→ EXERCISE DATA
########################################
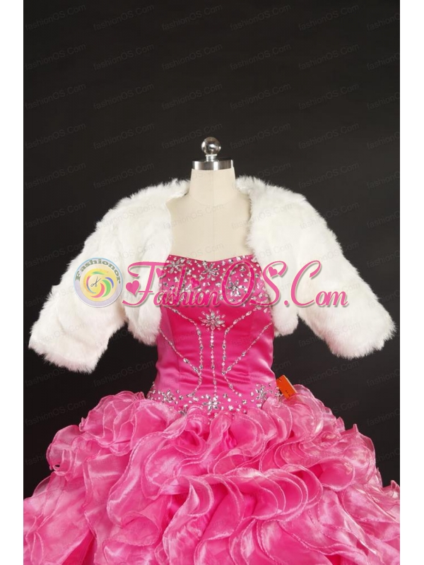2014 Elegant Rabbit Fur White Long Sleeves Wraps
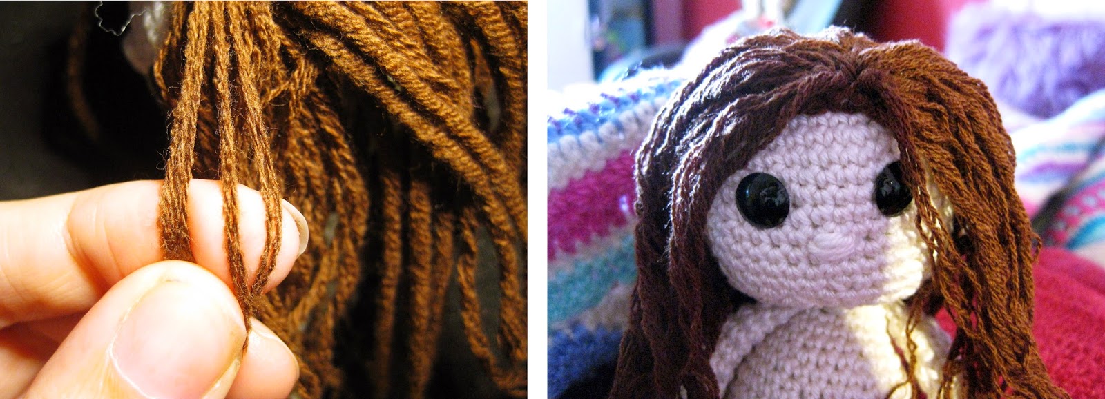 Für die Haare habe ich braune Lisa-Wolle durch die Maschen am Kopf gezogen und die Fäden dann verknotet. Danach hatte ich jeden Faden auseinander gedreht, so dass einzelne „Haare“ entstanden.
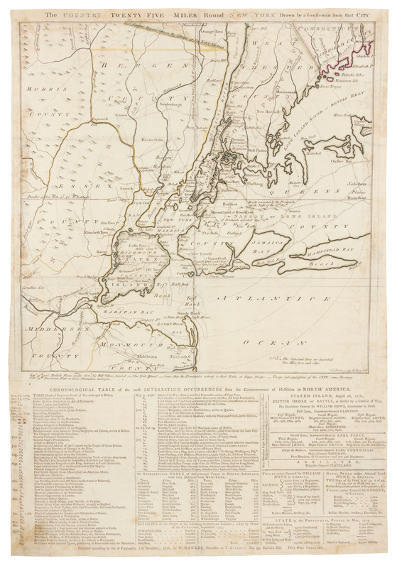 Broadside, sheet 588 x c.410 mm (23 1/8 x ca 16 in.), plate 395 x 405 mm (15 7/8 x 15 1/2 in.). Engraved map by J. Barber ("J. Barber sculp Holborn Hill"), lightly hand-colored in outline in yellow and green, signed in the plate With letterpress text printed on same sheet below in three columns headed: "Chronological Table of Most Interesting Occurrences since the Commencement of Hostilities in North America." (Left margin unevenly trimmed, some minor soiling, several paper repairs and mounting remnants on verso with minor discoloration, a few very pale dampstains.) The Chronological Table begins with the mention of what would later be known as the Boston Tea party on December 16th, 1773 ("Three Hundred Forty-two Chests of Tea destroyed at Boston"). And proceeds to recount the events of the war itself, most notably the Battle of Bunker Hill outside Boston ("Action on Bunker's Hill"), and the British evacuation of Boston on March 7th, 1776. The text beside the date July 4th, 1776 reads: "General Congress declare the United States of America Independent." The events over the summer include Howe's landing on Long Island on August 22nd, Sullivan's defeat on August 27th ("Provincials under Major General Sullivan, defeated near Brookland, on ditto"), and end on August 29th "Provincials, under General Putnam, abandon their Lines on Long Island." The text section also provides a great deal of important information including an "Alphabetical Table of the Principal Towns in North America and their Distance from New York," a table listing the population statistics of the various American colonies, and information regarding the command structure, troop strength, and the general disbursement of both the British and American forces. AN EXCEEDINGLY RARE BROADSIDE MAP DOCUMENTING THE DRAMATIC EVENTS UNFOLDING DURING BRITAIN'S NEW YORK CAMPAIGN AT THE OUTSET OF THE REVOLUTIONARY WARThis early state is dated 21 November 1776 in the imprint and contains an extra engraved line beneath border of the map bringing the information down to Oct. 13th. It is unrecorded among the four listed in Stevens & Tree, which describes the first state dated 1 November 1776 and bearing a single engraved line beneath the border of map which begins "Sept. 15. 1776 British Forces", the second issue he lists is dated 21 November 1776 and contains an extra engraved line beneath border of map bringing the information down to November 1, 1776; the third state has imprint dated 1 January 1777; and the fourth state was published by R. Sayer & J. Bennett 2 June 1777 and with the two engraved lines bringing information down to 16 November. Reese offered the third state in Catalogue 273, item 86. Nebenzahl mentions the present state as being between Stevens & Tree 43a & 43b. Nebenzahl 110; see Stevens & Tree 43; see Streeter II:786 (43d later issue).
########################################
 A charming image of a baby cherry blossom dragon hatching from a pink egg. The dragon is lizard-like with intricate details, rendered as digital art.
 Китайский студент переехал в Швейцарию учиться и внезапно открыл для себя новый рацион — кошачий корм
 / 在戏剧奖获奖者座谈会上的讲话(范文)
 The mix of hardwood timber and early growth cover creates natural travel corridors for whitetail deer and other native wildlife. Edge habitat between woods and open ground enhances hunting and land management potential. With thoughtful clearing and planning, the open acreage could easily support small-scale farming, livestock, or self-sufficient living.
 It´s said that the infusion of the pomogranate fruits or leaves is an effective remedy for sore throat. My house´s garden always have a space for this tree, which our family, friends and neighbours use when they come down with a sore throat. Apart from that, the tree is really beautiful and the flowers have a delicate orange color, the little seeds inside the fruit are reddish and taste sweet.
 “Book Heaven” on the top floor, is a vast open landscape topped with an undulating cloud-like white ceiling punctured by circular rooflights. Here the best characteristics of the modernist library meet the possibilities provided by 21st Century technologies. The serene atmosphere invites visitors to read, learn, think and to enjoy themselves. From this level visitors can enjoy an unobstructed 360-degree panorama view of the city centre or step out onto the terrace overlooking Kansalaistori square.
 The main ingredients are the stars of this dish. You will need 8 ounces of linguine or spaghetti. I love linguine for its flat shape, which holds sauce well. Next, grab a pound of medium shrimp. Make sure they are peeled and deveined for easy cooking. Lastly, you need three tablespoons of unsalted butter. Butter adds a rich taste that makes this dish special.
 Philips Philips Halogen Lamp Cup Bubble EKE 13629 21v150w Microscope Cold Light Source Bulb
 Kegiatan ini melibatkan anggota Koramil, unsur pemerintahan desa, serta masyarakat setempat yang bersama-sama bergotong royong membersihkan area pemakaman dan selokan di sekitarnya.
########################################
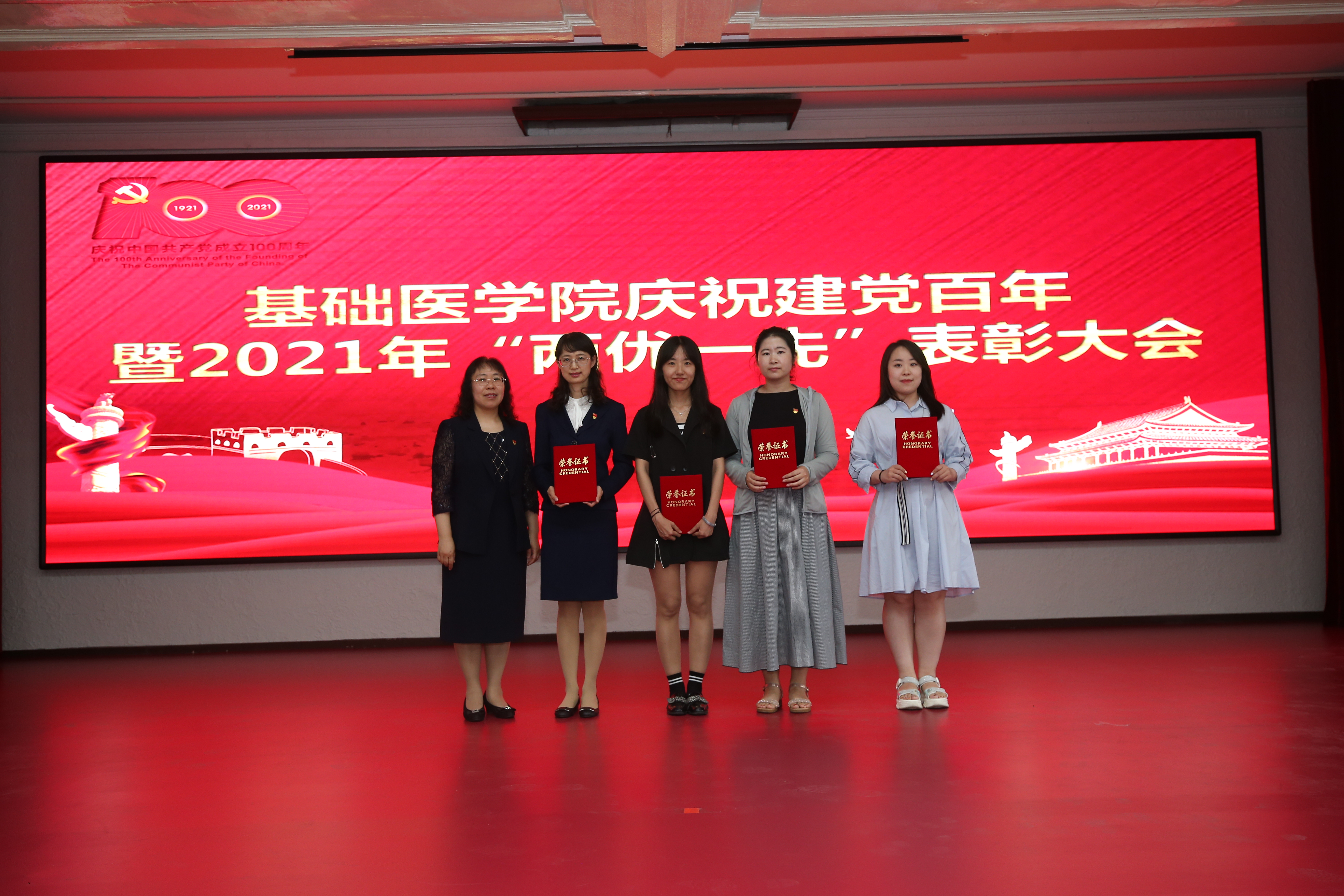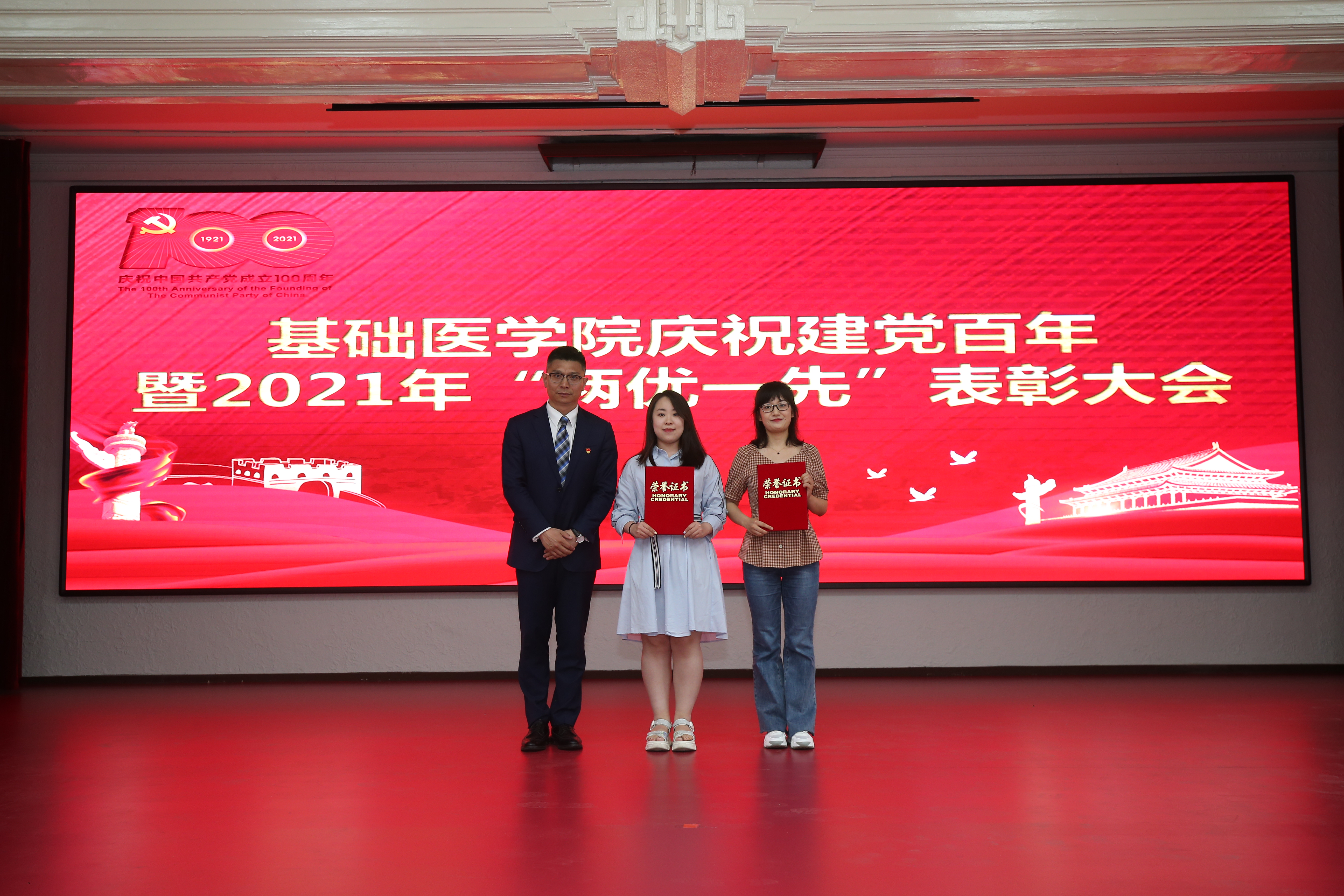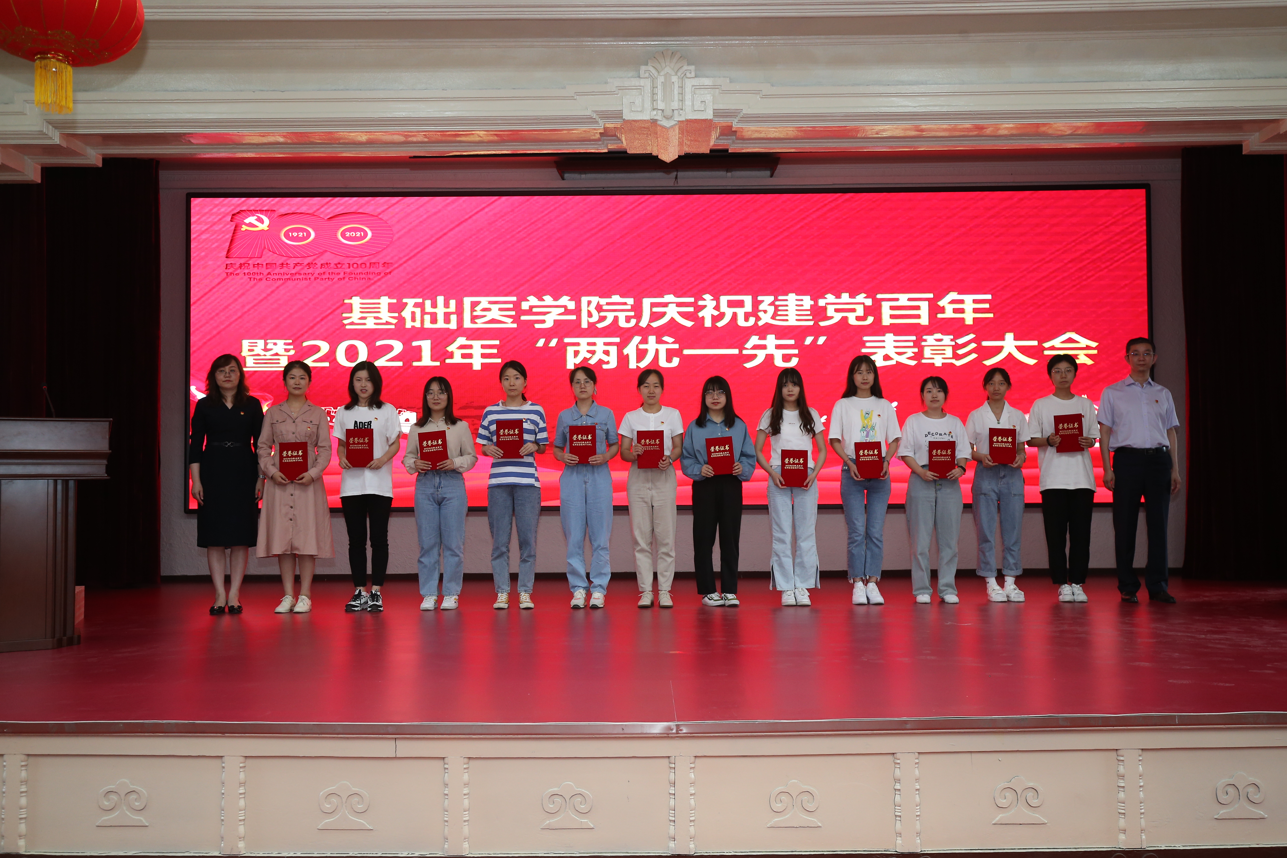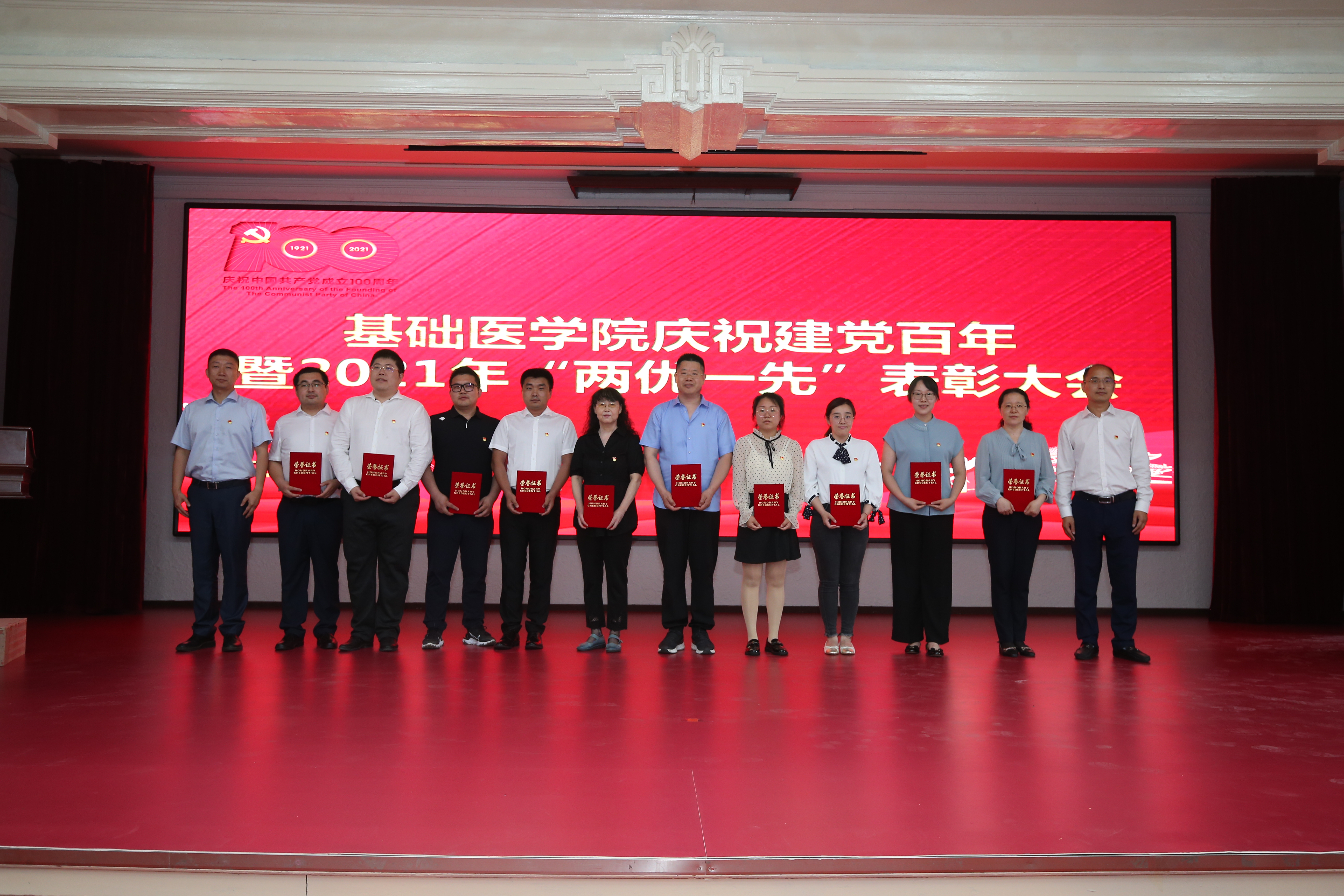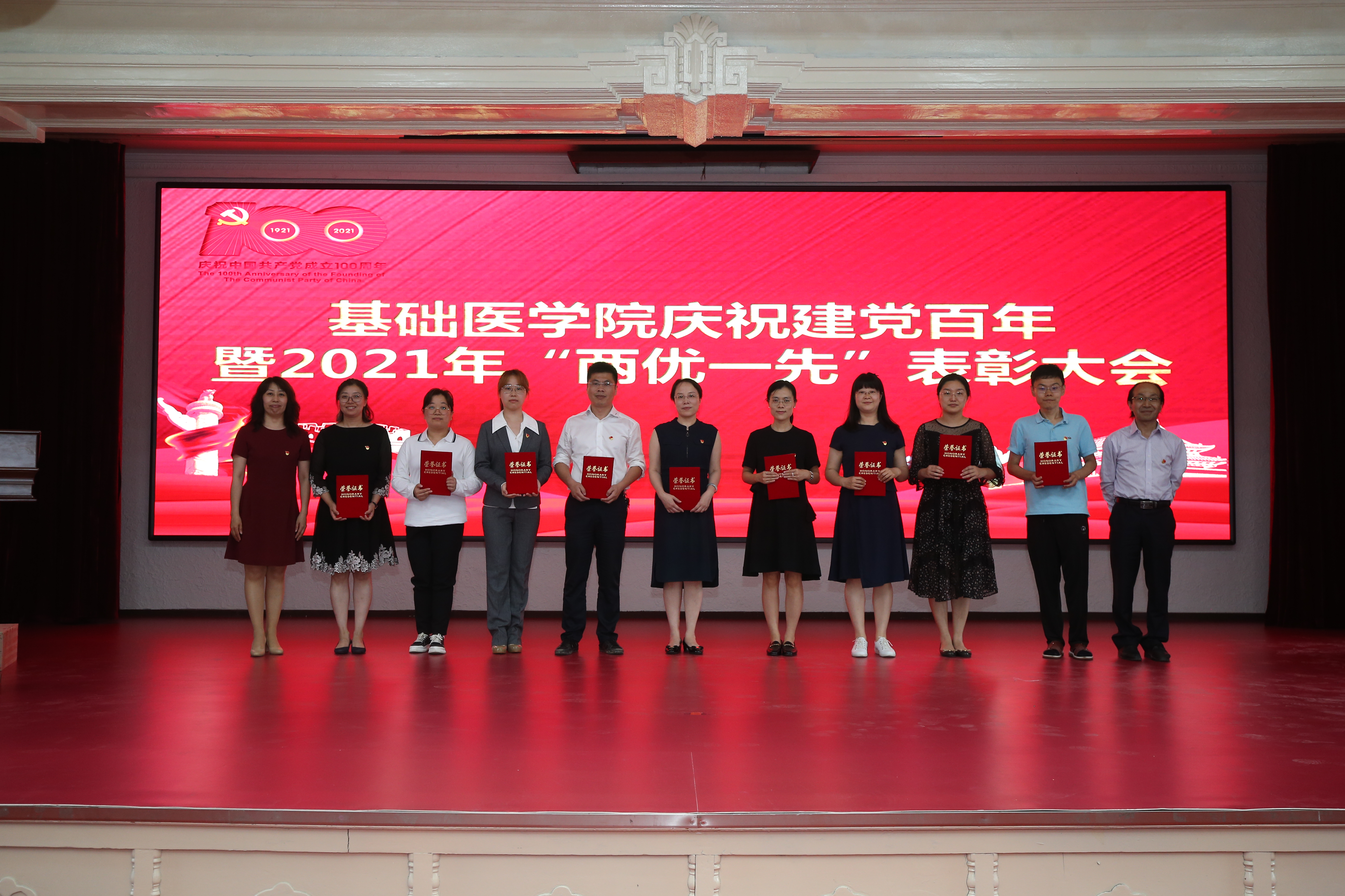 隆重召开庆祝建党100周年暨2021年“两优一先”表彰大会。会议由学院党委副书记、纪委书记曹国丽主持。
########################################
→ EXERCISE OBJECTIVE
Would you please reproduce the entries above, starting at the line with "2014 Elegant Rabbit" and stopping after the line with "Für die Haare"? Omit any pictures.

→ OUTPUT FOR THIS EXERCISE
2014 Elegant Rabbit Fur White Long Sleeves Wraps
 Für die Haare habe ich braune Lisa-Wolle durch die Maschen am Kopf gezogen und die Fäden dann verknotet. Danach hatte ich jeden Faden auseinander gedreht, so dass einzelne „Haare“ entstanden.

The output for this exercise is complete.